The researchers examined the brain scans of the participants to look at how structurally sound the white matter was. One way they did this was by looking for lesions called "white matter hyperintensities," which are common in older people.
The results showed that the more people engaged in moderate or vigorous exercise, the fewer white-matter lesions they had.
The findings may explain why researchers have found links between exercising and better cognitive function among people of older ages in previous studies. The new results suggest that increasing physical activity and avoiding a sedentary lifestyle could be beneficial for brain health, the researchers said.
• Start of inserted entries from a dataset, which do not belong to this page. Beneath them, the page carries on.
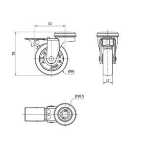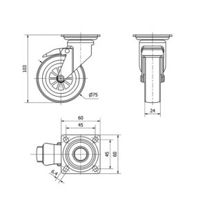 Rueda policarbonato giratoria Alex diametro 75 mm. modelo 1-0524
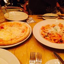 パスタには、店員さんがテーブルでチーズをたっぷりかけてくれました。
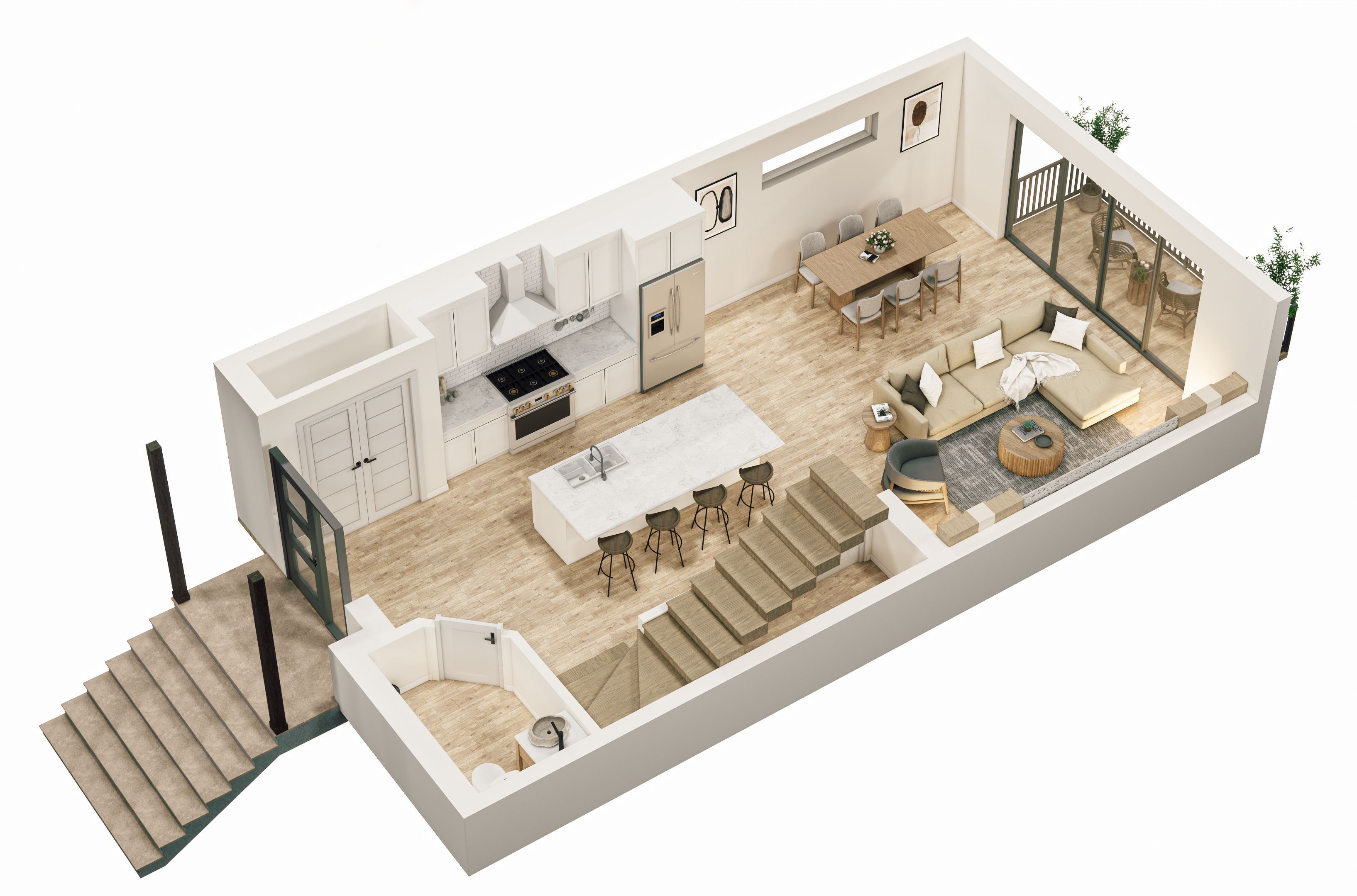 • Bright open-concept layout with a 12-foot patio door for natural light.
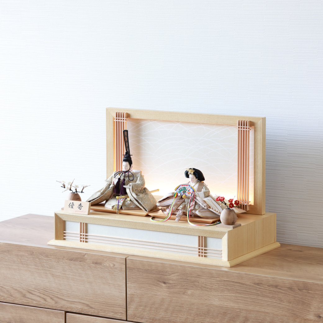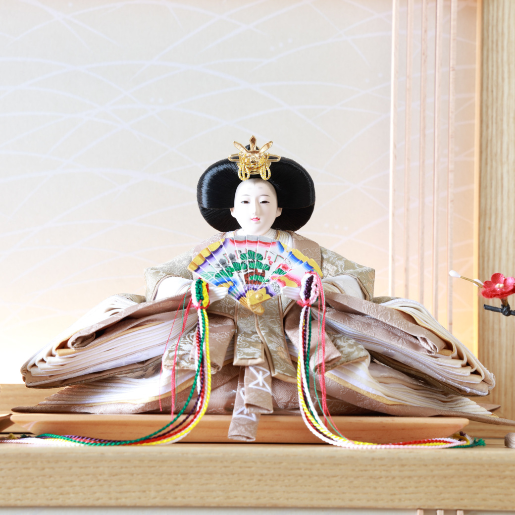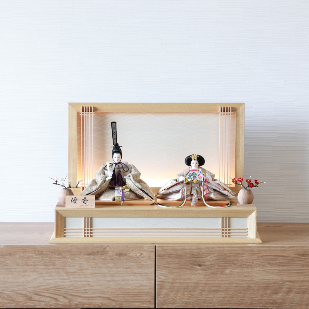 節句人形工芸士・優香が手掛けた親王飾り。人形の衣裳は金襴を使用し、本物志向の商品。職人技が光る美しいデザインが特徴です。女流作家優香の手による繊細な作りにより、ナチュラルな色合いが上品な雰囲気を演出します。
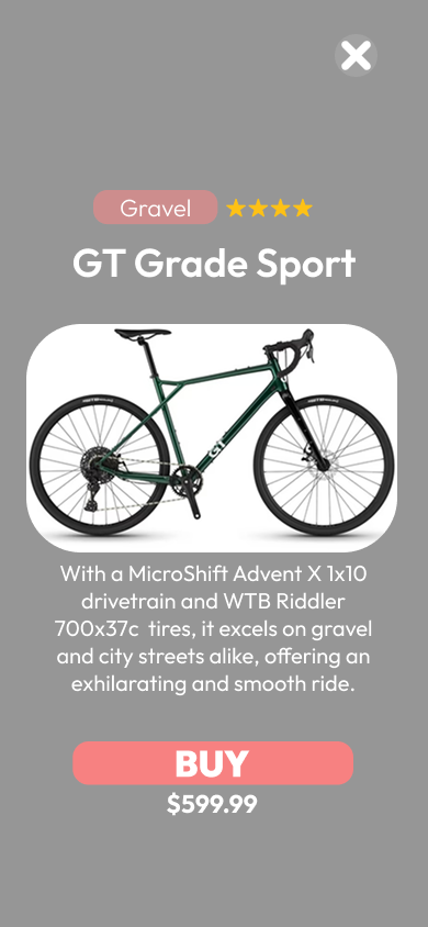 Result: My approach for this website was focusing on interactive elements, as well as cleaning up the original site which was just a singular page. There are a variety of viewable elements, especially on the bikes page.
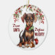 Na frente deste ornamento de Férias está a imagem de um filhote de Doberman Pinscher fofo vestindo um colar de morango sagrado e vermelho. Ele se senta com um ornamento de árvore quebrada na frente dele, e outros ao lado dele. O texto vermelho diz "Caros PAPAIS NOEIS Definem NASCIDOS". No verso, o texto vermelho e verde diz MERRY CHRISTMAS", e há campos de texto adicionais para você personalizar o que quiser.

The researchers also found that light physical activities, such as housework and gardening, was related to how structurally sound people's white matter was in some parts of the brain. The more people engaged in light physical activities, the more structurally sound their white matter was in the temporal lobe, a part of the brain that lies behind the ears and is involved in memory and language.
In contrast, the more time people spent sitting, the more they showed lower structural soundness in the white-matter tracts connecting the hippocampus, a brain area important for learning and memory, according to the study published Sept. 17 in the journal PLOS ONE.
The link held even when the researchers adjusted the results for participants' age, gender and fitness level.
It's not entirely known how exercising may protect the aging brain from wear and tear, the researchers said. But it is possible that fitness and physical activity counteract the age-related vascular changes that are involved in the development of white-matter lesions, they said.